TRY IT: Quote the data exactly, first line to the line containing "Immunohistochemical analysis of", with no pictures.

MATERIAL PROVIDED:
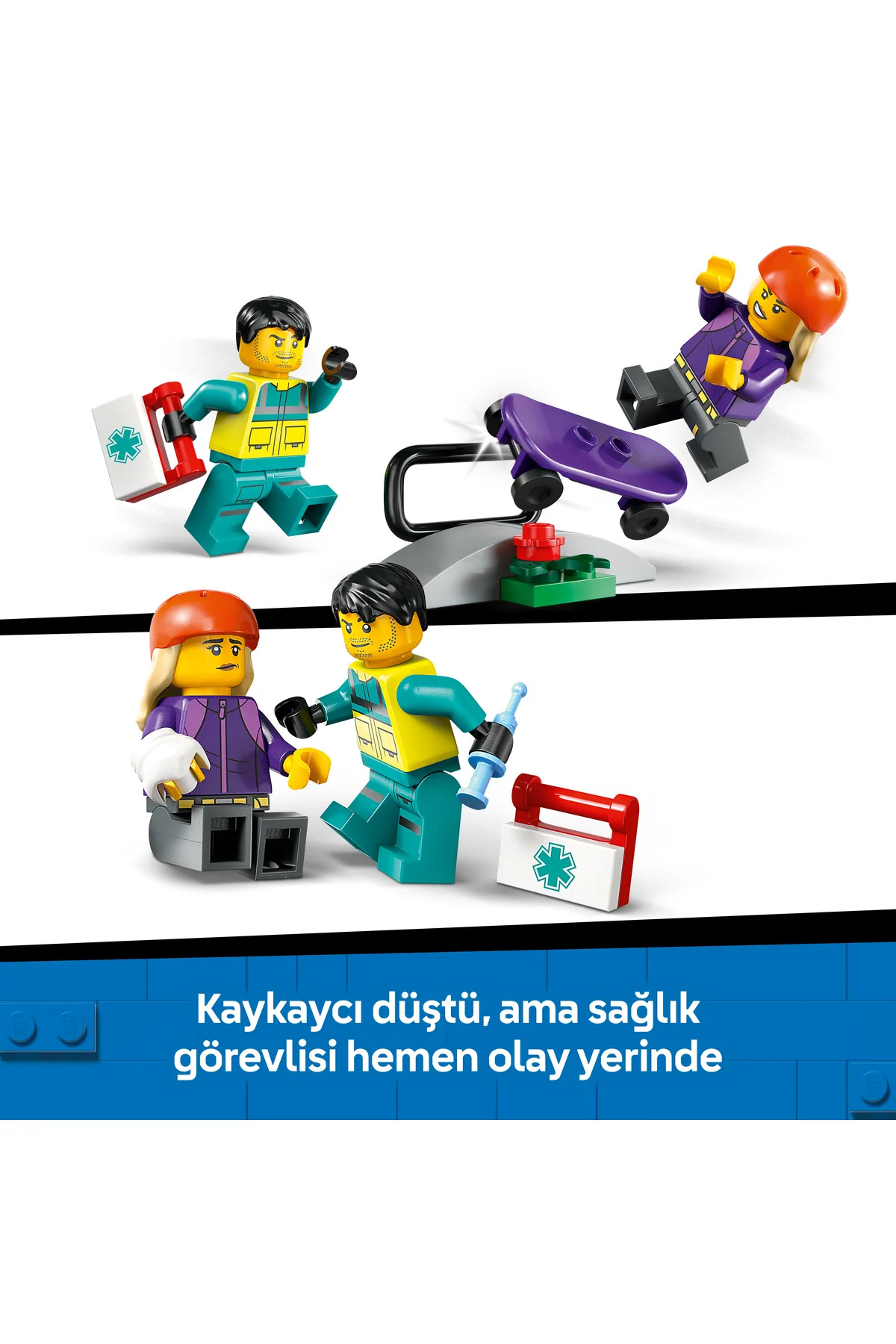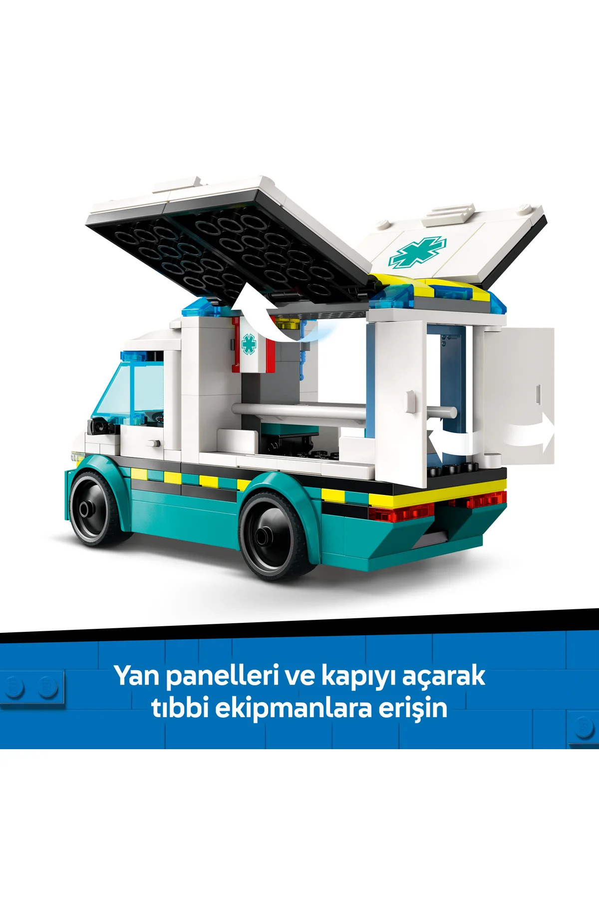 - این مجموعه LEGO City آمبولانس امداد 60451 برای کودکان دختر و پسر 5 سال به بالا طراحی شده و مأموریتهای نجات پر از هیجان را برای آنها فراهم میکند. کودکان با باز کردن پنلهای جانبی و درهای عقب به تخت بیمار و تجهیزات پزشکی اسباببازی مانند سرنگ، باند و کیف کمکهای اولیه دسترسی آسان پیدا میکنند. در این مجموعه علاوه بر وسایل پزشکی، یک اسکیتبورد با رمپ و فیگورهای اسکیتباز و تکنسین فوریتهای پزشکی برای بازیهای نقشآفرینی و روایت داستان وجود دارد.
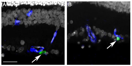 Immunohistochemical analysis of STZ-induced DR retinas after rRPC treatment (STZ-rRPC) (A,B). Isolectin B4 (blue) labels blood vessels, while E1A (green) is an endogenous reporter that labels donor rRPCs (arrows). Here, we see association of rRPCs with vessels in the inner retina. Representative examples selected from total animal number (n = 12). Scale bar = 50 µm (applicable to (A,B)).
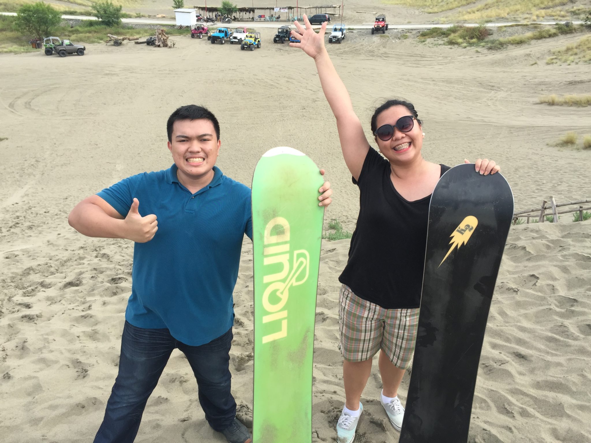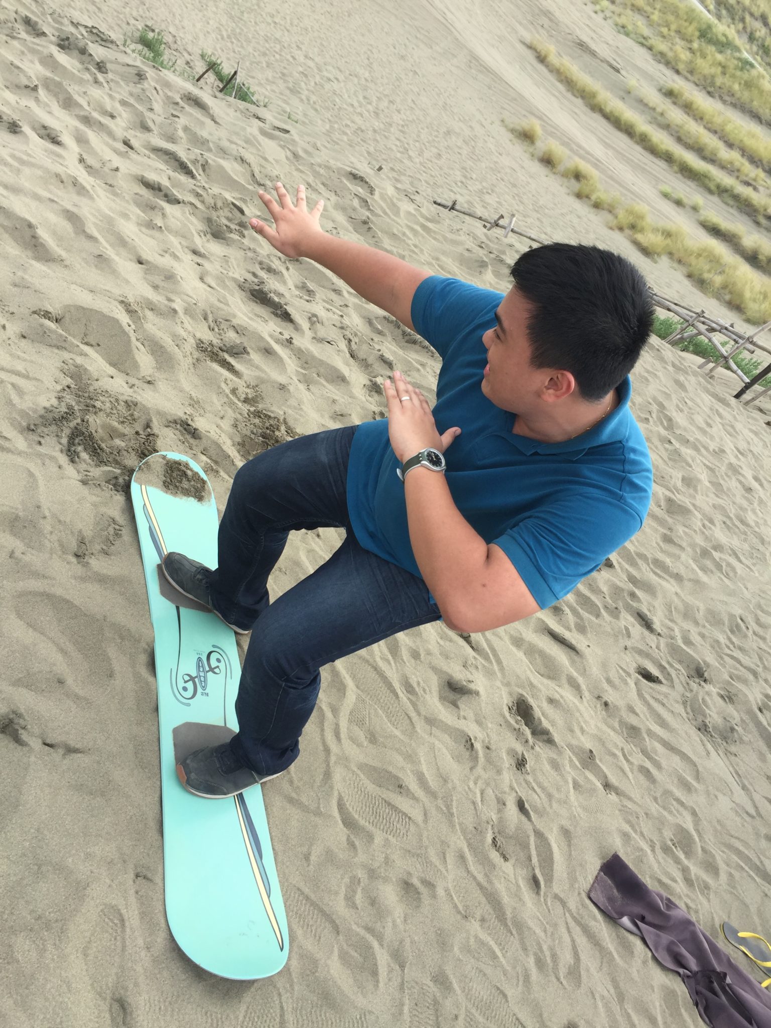 After riding the 4×4, we went Sandboarding! That’s right, using a snowboard(?) (sandboard?? haha) to ride the sand. Hehe. Here we are doing the sandboarding thing and more in pictures!

COMPLETED TASK:
 - این مجموعه LEGO City آمبولانس امداد 60451 برای کودکان دختر و پسر 5 سال به بالا طراحی شده و مأموریتهای نجات پر از هیجان را برای آنها فراهم میکند. کودکان با باز کردن پنلهای جانبی و درهای عقب به تخت بیمار و تجهیزات پزشکی اسباببازی مانند سرنگ، باند و کیف کمکهای اولیه دسترسی آسان پیدا میکنند. در این مجموعه علاوه بر وسایل پزشکی، یک اسکیتبورد با رمپ و فیگورهای اسکیتباز و تکنسین فوریتهای پزشکی برای بازیهای نقشآفرینی و روایت داستان وجود دارد.
 Immunohistochemical analysis of STZ-induced DR retinas after rRPC treatment (STZ-rRPC) (A,B). Isolectin B4 (blue) labels blood vessels, while E1A (green) is an endogenous reporter that labels donor rRPCs (arrows). Here, we see association of rRPCs with vessels in the inner retina. Representative examples selected from total animal number (n = 12). Scale bar = 50 µm (applicable to (A,B)).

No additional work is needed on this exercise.